Tong, 17enne cinese attualmente ospite in una famiglia di Tivoli racconta dello stupore quando per la prima volta è uscito, assieme alla sua “mamma” e al suo “papà” italiani, alla fermata della metropolitana del Colosseo ed è rimasto sopraffatto alla visione di questo monumento tra i più conosciuti al mondo; Silvia, dalla Finlandia a Roma per un anno, si dice stupita della cultura “del bello” che trova comunemente tra i suoi coetanei italiani, “cosa nel mio Paese non è normale per niente.

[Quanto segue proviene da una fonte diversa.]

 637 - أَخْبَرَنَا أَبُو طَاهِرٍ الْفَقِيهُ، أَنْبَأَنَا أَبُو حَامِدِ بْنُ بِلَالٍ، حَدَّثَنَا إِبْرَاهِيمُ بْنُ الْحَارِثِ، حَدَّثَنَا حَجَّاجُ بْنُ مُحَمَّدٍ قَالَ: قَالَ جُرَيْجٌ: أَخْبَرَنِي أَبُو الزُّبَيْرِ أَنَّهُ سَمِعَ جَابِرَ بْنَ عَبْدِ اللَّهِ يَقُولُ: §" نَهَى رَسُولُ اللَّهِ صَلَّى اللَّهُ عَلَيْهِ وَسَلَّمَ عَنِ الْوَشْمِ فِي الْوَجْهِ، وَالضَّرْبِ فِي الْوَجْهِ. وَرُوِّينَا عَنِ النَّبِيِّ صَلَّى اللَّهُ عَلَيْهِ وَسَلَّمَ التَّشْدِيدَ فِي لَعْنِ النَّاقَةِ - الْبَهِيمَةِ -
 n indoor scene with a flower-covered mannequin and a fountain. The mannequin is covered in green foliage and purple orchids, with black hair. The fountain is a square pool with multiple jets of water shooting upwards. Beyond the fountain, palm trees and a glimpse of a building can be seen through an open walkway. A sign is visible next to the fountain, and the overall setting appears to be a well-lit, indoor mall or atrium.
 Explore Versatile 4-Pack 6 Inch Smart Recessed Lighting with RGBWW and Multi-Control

Qua in Italia si studia tanta arte che secondo me è una cosa molto bella”. A colpirla particolarmente sono “tutte le opere di Michelangelo e Leonardo Da Vinci, però la mia preferita è Il Giudizio Universale di Michelangelo”.

Lunedì 7 maggio, Silvia, Tong e tutti gli altri studenti stranieri che attualmente sono accolti dalle famiglie dell’area di Roma con un programma di Intercultura, hanno avuto l’opportunità di assistere proprio alla matinée di “Giudizio Universale. Michelangelo and the Secrets of the Sistine Chapel”, lo spettacolo di Marco Balich con protagonista Michelangelo e la creazione della Cappella Sistina, prodotto da Artaiment Worldwide Shows con la consulenza scientifica dei Musei Vaticani all’Auditorium Conciliazione di Roma che sta riscuotendo un enorme successo di pubblico sia italiano che straniero.

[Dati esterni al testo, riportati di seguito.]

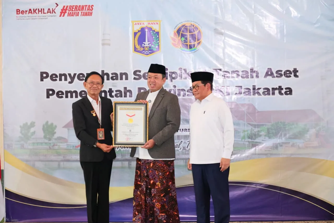 Menteri Nusron mengapresiasi sinergi antara Pemerintah Provinsi DKI Jakarta dan jajaran Kantor Wilayah BPN Provinsi DKI Jakarta yang telah bekerja keras menuntaskan proses sertipikasi aset tersebut.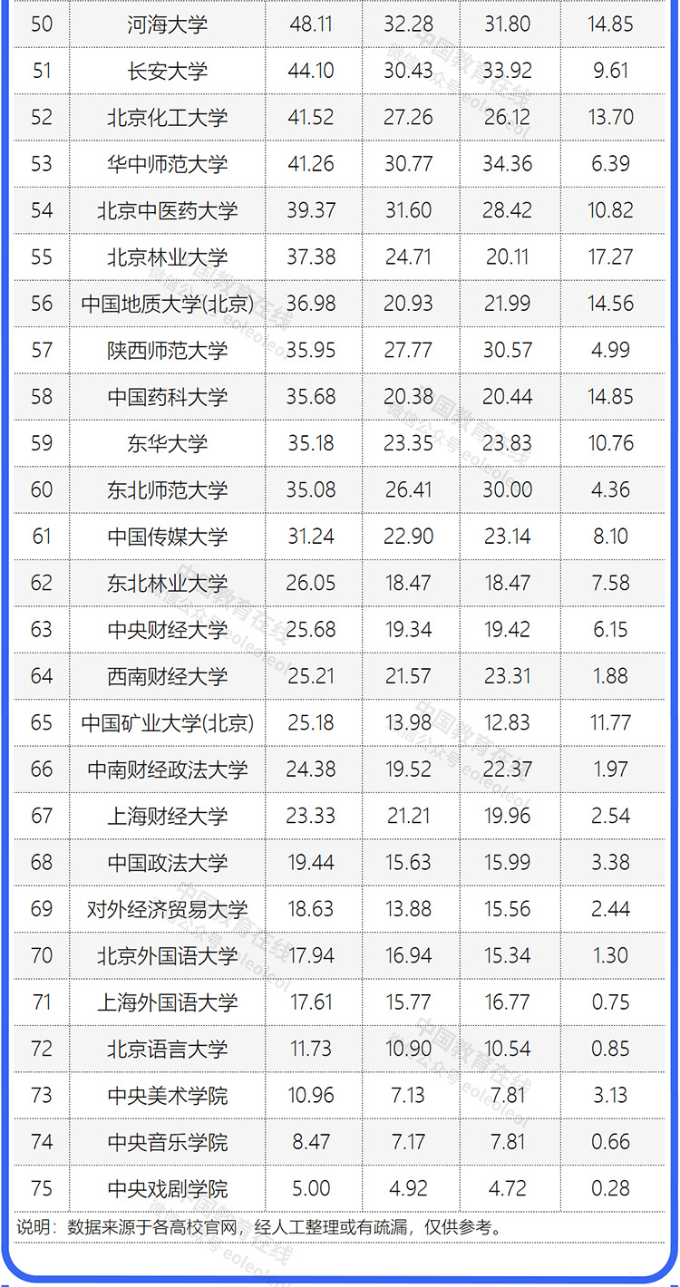 說明:本文統(tǒng)計(jì)中,華北電力大學(xué)經(jīng)費(fèi)為北京校區(qū)和保定校區(qū)合計(jì),哈爾濱工業(yè)大學(xué)、北京航空航天大學(xué)、西北工業(yè)大學(xué)等工信部直屬高校以及國科大、中科大等中國科學(xué)院直屬高校以及其他部委院校不在本文的統(tǒng)計(jì)范圍之內(nèi)。

Davanti alla possibilità offerta di assistere allo spettacolo nella versione inglese, i ragazzi hanno invece preferito quella in italiano per sentirsi ancor più calati nel corpo e nella mente nella celebrazione della creazione artistica della Cappella Sistina.
Lo stesso Balich, da adolescente, è stato un partecipante a un programma di Intercultura negli USA e ancora oggi è ancora molto legato all’Associazione: “Uno dei punti più importanti che ho conservato della mia esperienza vissuta all’estero da adolescente con Intercultura è stato il fatto di ricostruire la mia personalità trapiantata in un contesto totalmente diverso. Questo mi ha permesso di valorizzare quelli che erano i miei punti di forza e di togliermi tutti quei filtri e i preconcetti che in qualche modo ostacolano il comunicare e l’essere vicino alle persone. Quando sono partito ero uno studente irrequieto, che pensava di conoscere tutto e quindi un po’ presuntuoso, un po’ pigro e superficiale; quando son tornato mi sono reso conto di essere diventato un uomo consapevole dei propri limiti da un lato ma, dall’altro, anche dei propri pregi. Sono rientrato in Italia con un’immensa familiarità con le diversità del mondo e una totale apertura rispetto a tradizioni, religioni, culture, abitudini diverse che non filtravo più tramite preconcetti, ma per la bellezza della diversità”.

La capacità di dialogare con persone di culture diverse e di approfondire la conoscenza delle tradizioni di molti popoli sono state carte vincenti per Balich, il cui gruppo di lavoro è stato scelto per realizzare Cerimonie Olimpiche in tutto il mondo: “L’elemento cardine che ha portato noi a sviluppare le Cerimonie delle Olimpiadi di Rio, e non degli inglesi o americani, è che i brasiliani non volevano che arrivasse qualcuno a dirgli come si faceva, ma volevano delle persone disponibili al dialogo e che, in qualche modo, partecipassero insieme a loro nel trasmettere una fortissima emozione. Questo è un grande ingrediente che, col senno di poi, devo ad Intercultura perché mi ha aiutato a sviluppare un senso di sicurezza nel chi ero, e ad accettare con serenità questa esperienza di scambio all’estero come un elemento di crescita attraverso l’incontro con le differenze".